特定の人ばかりにヒットが集中するような状況に出くわしたとき、その人のネクタイやシンカーをチェックすると同時に、巻きスピードもきっちりチェックしておこう。
日によってスローが良かったり、速巻きが良かったりする。
釣れている人のまねをするのは、釣りの基本だ。
アワセのタイミング
アタリは非常に明確だ。
ココンとくるのは、最初にスカートの端をかじっているアタリ。
ここで肝心なことは、決して巻く手を止めないこと。
慣れないうちはこれが難しいのだ。
ジギングと違ってしっかり食い込ませないといけない。
巻く手を止めてしまうと、バイトしてきたマダイが違和感を覚えてスカートを離してしまう。
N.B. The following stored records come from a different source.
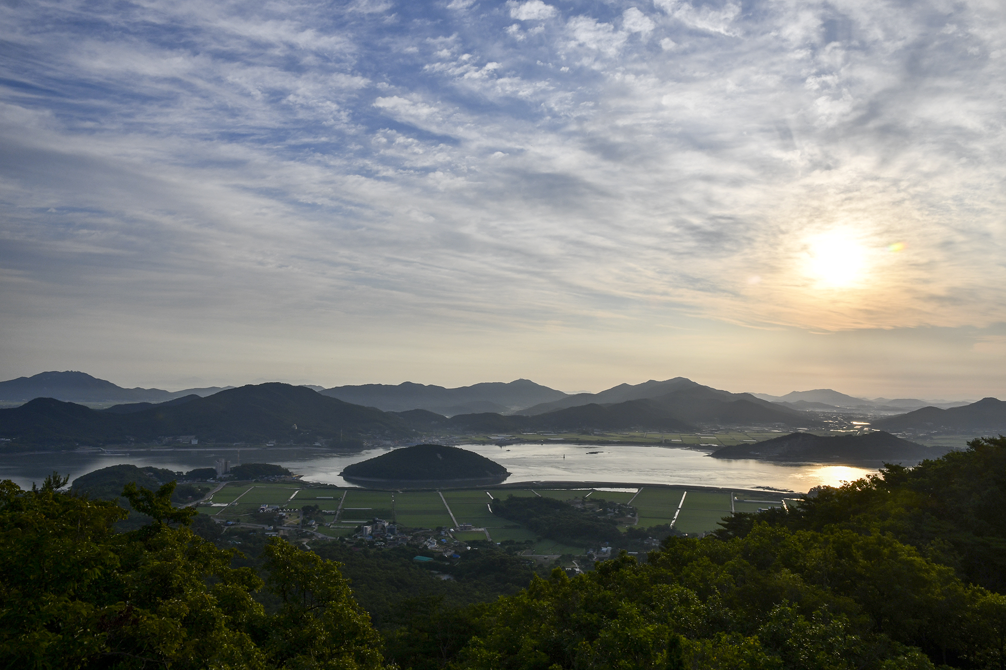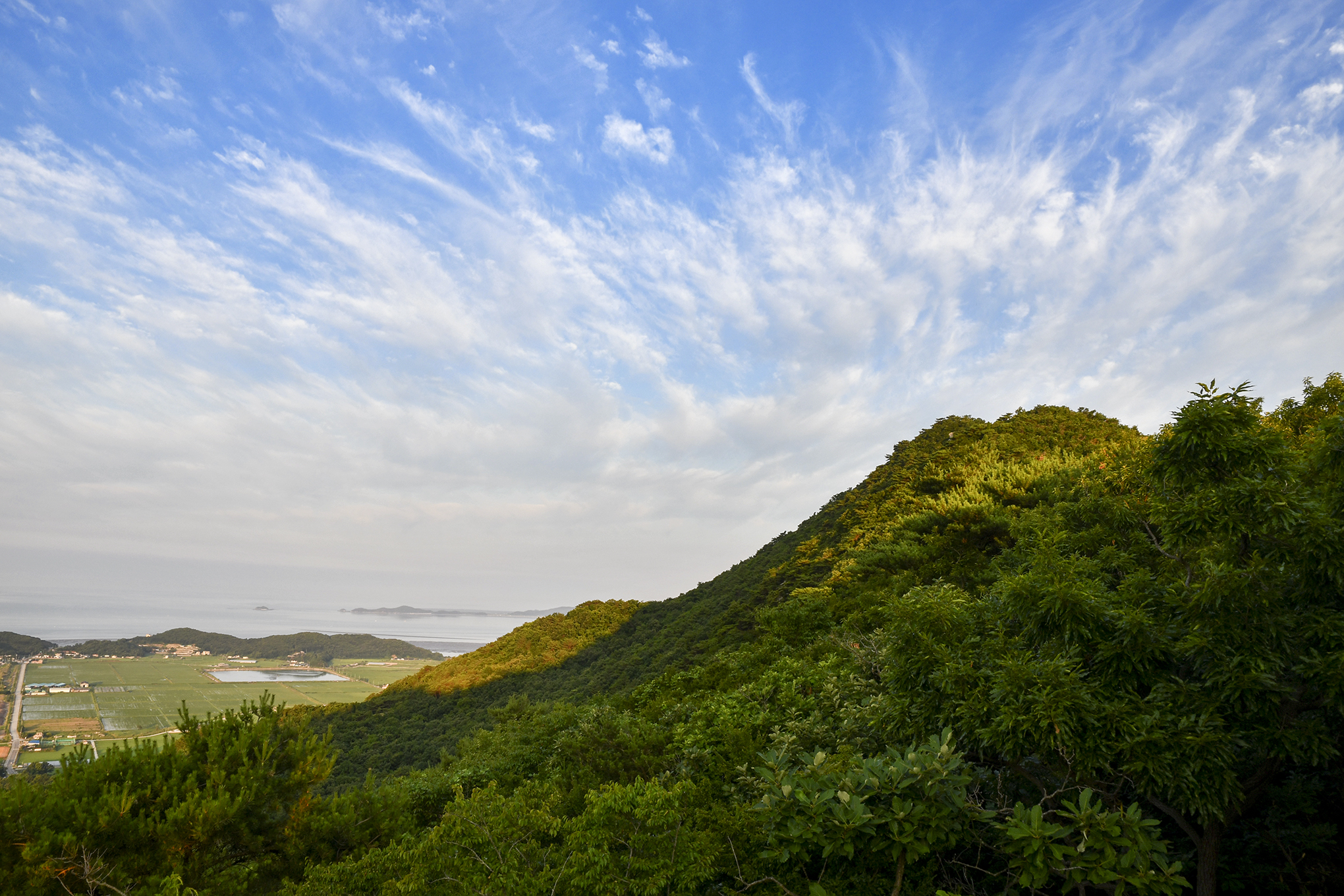 갯벌과 논이 한눈에 내려다 보이고, 수많은 산과 바다가 파노라마로 펼쳐진다.
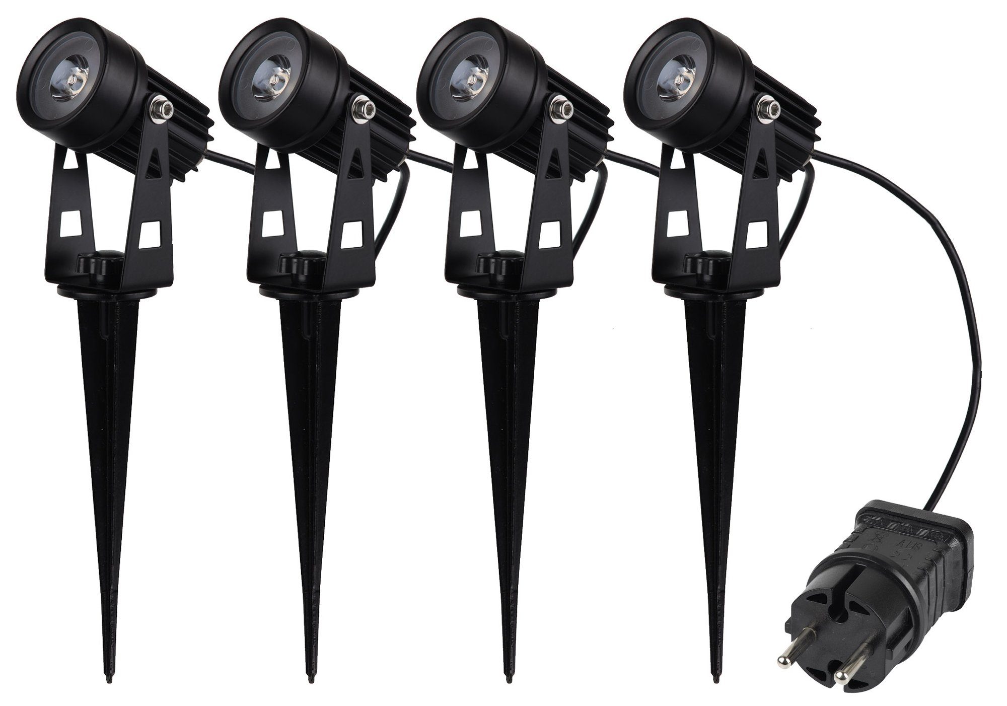 4er Set Gartenleuchten mit 230V Netzteil für Betrieb um Haus und Garten. Die Aussenleuchten können Aufputz angeschraubt oder mittels Erdspieß direkt am Wunschort im Beet, am Busch / Baum montiert werden. Die 2m langen wettergeschützten Verbindungskabel sorgen für Freiheit bei der Wahl des Ortes. Das warmweiße Licht setzt Ihre botanischen Lieblinge richtig in Szene und vermittelt ein gemütliches Ambiente. Der besonderer Clou: die Gartenleuchten werden mit Kabeln direkt von Spot zu Spot verbunden. Dies spart etliche Meter Kabel und ermöglicht einen praktischen Einsatz über eine längere Distanz z.B. am Weg und Hauseingang.
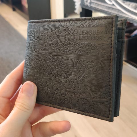 Tekonahkainen musta LoL-teemainen bifold-lompsa kultaisilla/oranssilla painatuksilla. Kuvissa Runeterran kartta ja pelin logo. Sisällä kolikkotasku ja paikat korteilla. Uusi, ei käytetty.
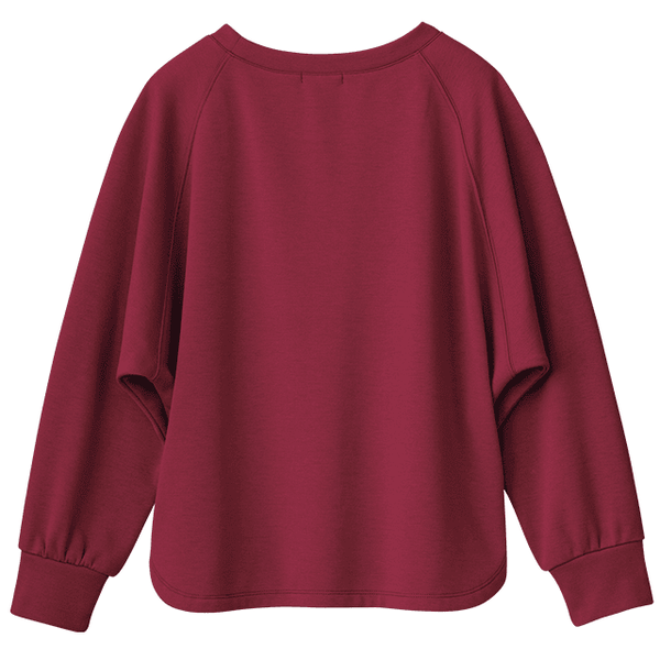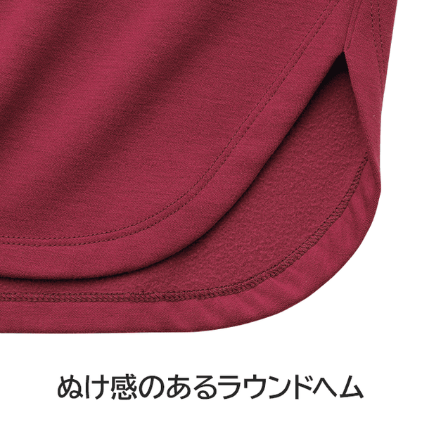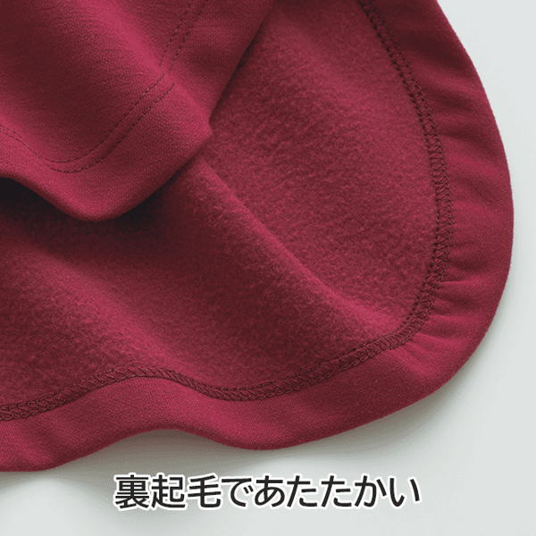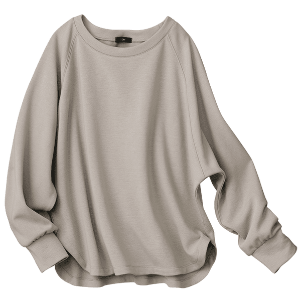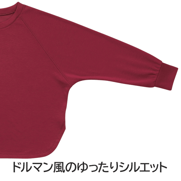 裏起毛であたたかく肌触りが気持ちいいです。ドルマン風のゆったりシルエットで動きやすくラクなうえに、レイヤードもしやすく、着回し力抜群です。

そのまま巻き続けると、徐々にアタリが大きくなり、やがてロッドが絞り込まれる。
これでフッキング完了だ。
賛否両論あるのがアワセだろう。
基本的にアワセは入れないのが正解だと思うが、しっかりアワセを入れないとダメだと言う人も多い。
中にはアタリ即アワセという人も。
どれが絶対的に正解、不正解というのは決してないのが釣り。
ここはいろいろ試して、自分なりの答えを見つけていただきたい。
リールのドラグ設定だが、かなり緩めにセットしておこう。
これは細ラインと小バリを使っているため。
最近のハリがいくらデキがいいからといって、無理なやり取りは禁物だ。
マダイは決して根に突っ込むような魚ではない。
ドラグをフルに使い、ラインを出して丁寧で慎重なファイトを心がけたい。
取り込みだが、40cm以上なら必ず網に入れてもらおう。
鋭いが小さなハリを使っているため、最後に魚の全ての重さがかかると、最後の最後で外れてしまう。